Not sure I'm qualified to answer your question fully Pete, but this is my take. First off, I think I can taste a box mix cake and tell if it's made from 'scratch'. Secondly, sifting is vital and some people don't sift if its from a box it seems to me. I can't explain 'why' it's vital, I just know from experience it is. Third, I wonder at the quality of the flour from box mixes. Flour, like other grains, can very in their quality. A 'finer' grind can impact the lightness of a cake or pastry or crust. "Virginia's Best" (Big Spring Mill, VA) is one of the best products out there, and you can always tell the difference in your biscuits if you use their quality product.
http://www.bsmill.com/Welcome.html


----------



## developingtaste (Aug 17, 2011)

Furthermore,

I think you guys make a point about the marketing/business angle to deserts. Gordan Ramsey, love him or hate him, does make a point about having 'fresh' local products. If I was in business, that's what I'd try to find....something local and fresh, and I'd bargain my butt off trying to get the price down to reasonable. Nut's and berry's and other fruits are common all over the US and other places, and would be something to look for.


----------



## developingtaste (Aug 17, 2011)

TracyMC said:


> That was eaxactly what I said, it pains me greatly to use mixes, but commercialism has trained the consumers palate, to want Betty Crocker and thats what they expect. It's a situation that you manage to conform to, or, get outta the way, because it will happen anyway.
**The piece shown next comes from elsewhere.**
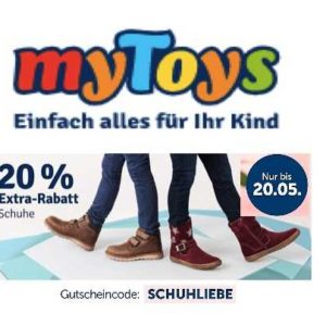 *Gutscheincode: SCHUHLIEBE Kaufen Sie jetzt bei myToys.de Kinderschuhe und Damen- & Herrenschuhe bei mirapodo.de erhalten Sie auf diese zusätzlich 20% Rabatt. Nur bis zum 20.05.2020 einlösbar.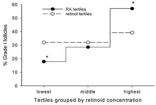 Percentage of grade I embryos derived from “mature egg follicles” (n = 84) stratified by tertiles according to RA or ROL concentrations. Percentage of grade I follicles = # of grade I follicles/28 (number of mature egg follicles in each tertile). * Significant difference between values at p < 0.005. RA concentrations in pmol/mL for each tertile (mean ± s.d.): lowest, 2.3 ± 1.2; middle, 4.8 ± 0.4; highest, 8.8 ± 3. Reproduced from Figure 3 from Pauli et al. [28].

While I respect your right to disagree, I hope you don't mind my contrary point of view. I think people expect what they are used to getting, but once their taste buds experience something better, than they'll forever know they aren't getting the best. Why not try one cake from scratch to include in your offering at a higher price than the others? You don't have to say it's from scratch as opposed to a box. Just, "the lemon sour cream pound cake is $$".


----------



## tracymc (Jan 28, 2010)

No, I respect what you are saying 100%, my point is we do tastings all the time and I would venture to say that if we throw a box mix in the ring, the customer will pick it as there favorite, probably 50% of the time based upon what their palates have been trained to expect crumb and texture wise. And those times we done throw one in as a sample they inevitably say they are looking for something texturally like a mix. Maybe it is the market that we work in but I have seen the same results in large more "sophisticated" markets. I would love to only give my clients scatch made cakes, but if they want a wedding cake from a boxed mix at 8$ to 10$ a serving thats what they get.but they get the best damned boxed cake mix and fresh source local ingredients for fillings and frosting we can give them. Now dont get me wrong, we just do this for our livelyhood and we have to adapt to our customers needs or they will go to my competitors, who wouldnt know how to make a scratch cake if the had too, but that being said i never covered the fact that the box mixes are never quite the same off the.shelf box mix one would buy, it has our own mark on everyone that goes ot the door


----------



## developingtaste (Aug 17, 2011)

I getcha.  You have a business, and you've got to do what's best for it.  I got to thinking about "design" cake makers, and I suppose they have a similar dilemma.  I'm sure a portion of your clientele are aware of the difference.  Funny thing, just now I was watching "Fabulous Cakes" on TLC, and they offered the client 'taste tests' of different flavor options.  I assume you do something like that.

I do think in a restaurant setting, the experience there would be different.  Their buying for themselves and for one, not for dozens.


----------



## developingtaste (Aug 17, 2011)

DevelopingTaste said:


> I get tired of 'chefs' saying they use boxed cakes. They stink. A good pound cake (I use a sour cream one) from scratch or a hot milk sponge cake from scratch is SO much better!!!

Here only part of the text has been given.